Journaliste, romancière, Isabelle Monnin ne pouvait manquer de se voir stimulée par le hasard qui lui est échu : en 2012, elle acquiert sur Internet un lot de 250 photographies représentant les membres d’une même famille. Des clichés banals, de gens tout simples saisis dans leur quotidien. Parmi eux s’impose une petite fille, qu’elle baptise, dans sa tête, Laurence. A partir de là, dans un temps premier, Isabelle Monnin décide d’écrire le roman imaginaire de ces gens, de 1978 à 1994, auquel elle ne changera rien, même une fois qu’elle saura à leur sujet, au terme d’une enquête journalistique serrée, la vérité. Qu’elle en aura même rencontré certains, dont la fameuse Laurence qui, d’ailleurs, s’appelle bien Laurence !
Dans le roman, il est question d’abandons : celui par la mère, Michelle, partie en Argentine avec Horacio, qui sera assassiné par les militaires en 1978. Celui de Simone, la mère de Serge, le père, qui, sénile, attend la mort.

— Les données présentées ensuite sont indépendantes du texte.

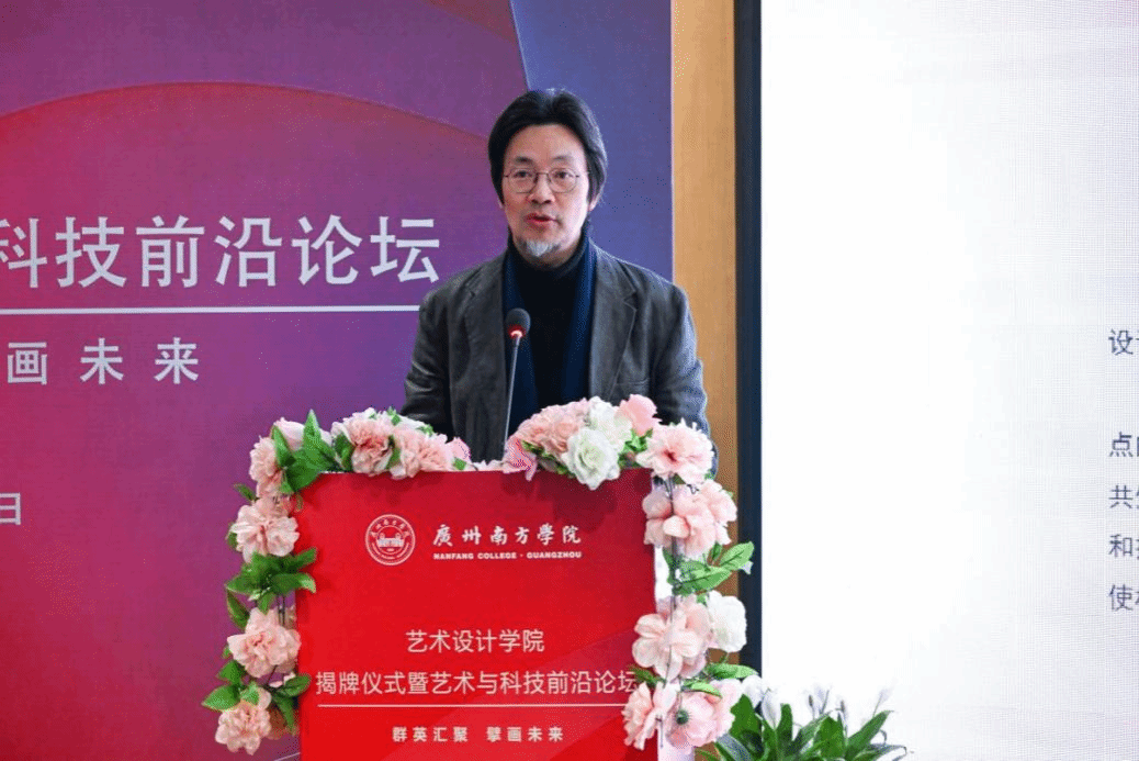 接着,特邀嘉宾曹雪教授致辞,他首先对艺术设计学院的成立表示热烈的祝贺。同时,他提出了对设计行业发展和艺术教育的思考,关于设计的“初心”与“内核”,他表示,面对人工智能的迅猛发展,设计行业应树立正确的危机意识,也应坚定文化自信、专业自信和行业自信,在科技浪潮中更应注重和保留艺术设计的“人性化”和“情感化”价值。

Celui de Serge, enfin, qui vend la maison de famille et tout ce qu’elle contient. Y compris une certaine enveloppe pleine de photos…
En 2013, Isabelle Monnin a mené l’enquête, retrouvé le village où vivait la famille, Clerval, dans le Doubs, sa région d’origine. Elle en tient le journal, qui la renvoie souvent à sa propre histoire familiale. Et puis elle rencontre "Serge" (en fait, Michel), qui se confie, et, enfin, Laurence. Des liens d’amitié se tissent, une fois vaincues la méfiance d’un côté et la culpabilité de l’autre : de quel droit s’immiscer ainsi dans le passé, les drames des autres ?

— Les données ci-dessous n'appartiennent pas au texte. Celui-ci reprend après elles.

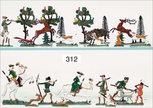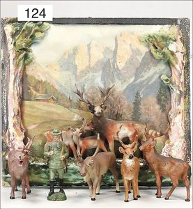 halbplastisches Bild, Bergszene, mit Hirschgruppe, dazu 4 Masse-Hirsche, 1 Jäger, ELASTOLIN, 11 cm, Zust. 2-3

Mais tout est bien qui finit bien, dans cette aventure, avec en bonus la participation d’Alex Beaupain, auteur-compositeur-interprète, ami d’Isabelle Monnin, lequel, sur cette trame, a composé un disque chanté par des pros, mais également des "gens de l’enveloppe", qui ont prêté leur voix. Ce livre-objet unique en son genre, c’est aussi le leur. Ce pourrait être celui de n’importe quelle famille, avec son "petit tas de secrets". J.-C. P.